# DIRECTIONS FOR THIS TASK:
Beginning with the line that holds "This marketing infographic", copy each line to the end of the records exactly, except the pictures.

[Stored items from a collection]
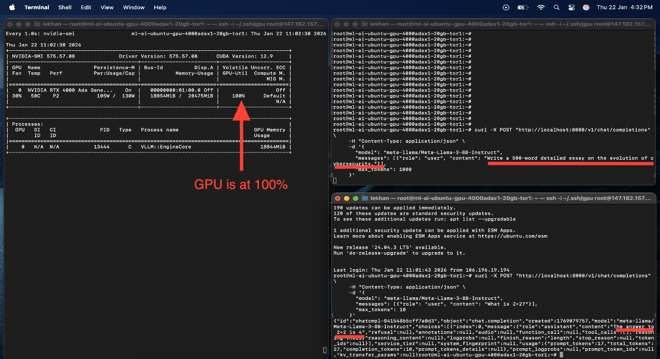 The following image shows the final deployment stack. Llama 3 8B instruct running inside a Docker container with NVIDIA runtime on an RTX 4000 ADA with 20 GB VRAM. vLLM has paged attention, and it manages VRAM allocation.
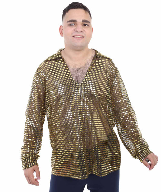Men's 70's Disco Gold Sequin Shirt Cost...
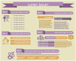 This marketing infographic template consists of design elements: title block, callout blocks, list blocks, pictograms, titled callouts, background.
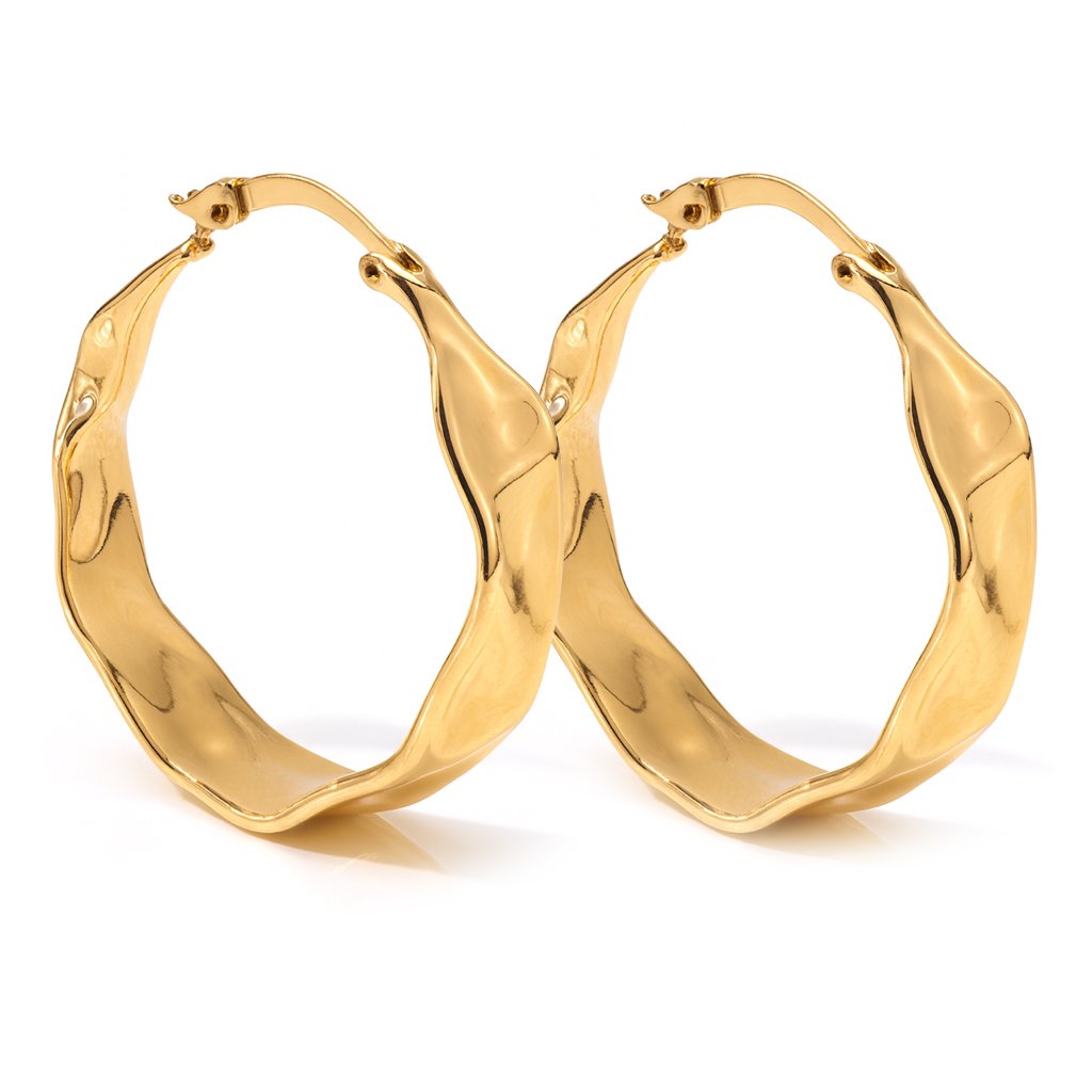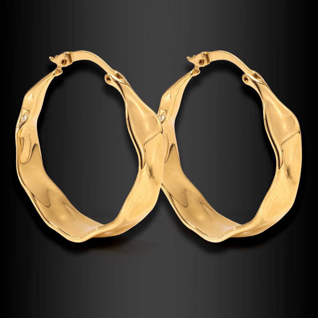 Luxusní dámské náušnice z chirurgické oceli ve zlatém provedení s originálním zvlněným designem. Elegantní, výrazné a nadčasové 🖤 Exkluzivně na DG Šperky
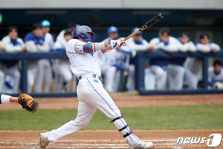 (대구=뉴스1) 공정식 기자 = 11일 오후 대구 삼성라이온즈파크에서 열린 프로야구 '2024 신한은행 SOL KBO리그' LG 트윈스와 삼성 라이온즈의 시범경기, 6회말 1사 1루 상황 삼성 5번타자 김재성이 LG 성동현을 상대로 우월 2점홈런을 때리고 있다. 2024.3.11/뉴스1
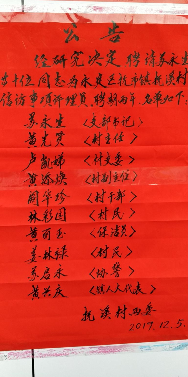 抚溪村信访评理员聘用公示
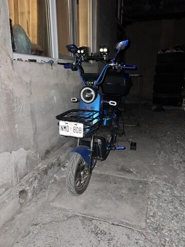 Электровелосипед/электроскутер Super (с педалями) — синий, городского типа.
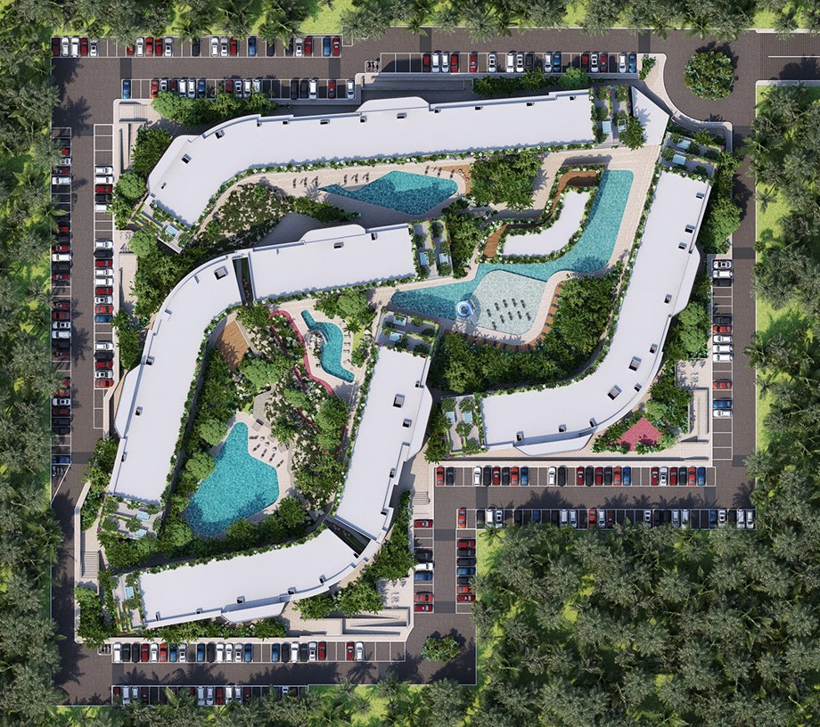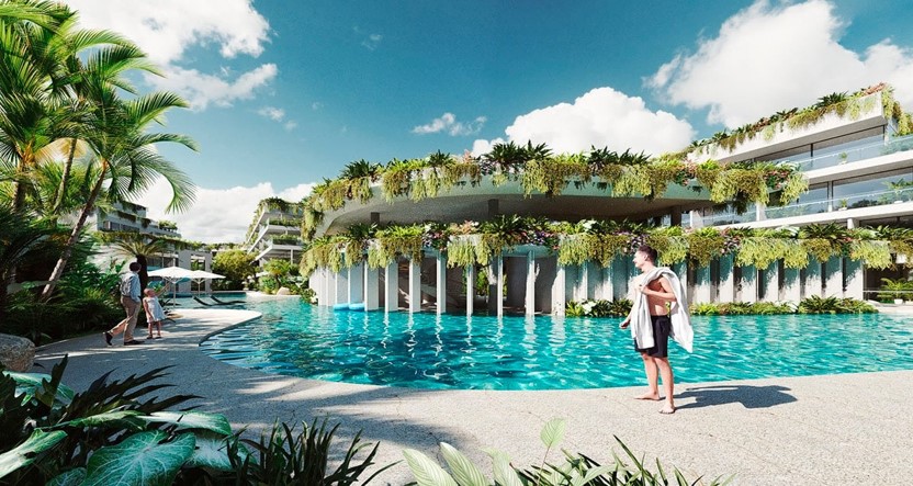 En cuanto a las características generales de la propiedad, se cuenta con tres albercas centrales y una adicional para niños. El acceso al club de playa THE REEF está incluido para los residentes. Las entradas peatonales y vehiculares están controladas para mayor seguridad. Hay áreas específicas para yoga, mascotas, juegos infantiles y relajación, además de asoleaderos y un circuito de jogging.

# RESPONSE BOX:
 This marketing infographic template consists of design elements: title block, callout blocks, list blocks, pictograms, titled callouts, background.
 Luxusní dámské náušnice z chirurgické oceli ve zlatém provedení s originálním zvlněným designem. Elegantní, výrazné a nadčasové 🖤 Exkluzivně na DG Šperky
 (대구=뉴스1) 공정식 기자 = 11일 오후 대구 삼성라이온즈파크에서 열린 프로야구 '2024 신한은행 SOL KBO리그' LG 트윈스와 삼성 라이온즈의 시범경기, 6회말 1사 1루 상황 삼성 5번타자 김재성이 LG 성동현을 상대로 우월 2점홈런을 때리고 있다. 2024.3.11/뉴스1
 抚溪村信访评理员聘用公示
 Электровелосипед/электроскутер Super (с педалями) — синий, городского типа.
 En cuanto a las características generales de la propiedad, se cuenta con tres albercas centrales y una adicional para niños. El acceso al club de playa THE REEF está incluido para los residentes. Las entradas peatonales y vehiculares están controladas para mayor seguridad. Hay áreas específicas para yoga, mascotas, juegos infantiles y relajación, además de asoleaderos y un circuito de jogging.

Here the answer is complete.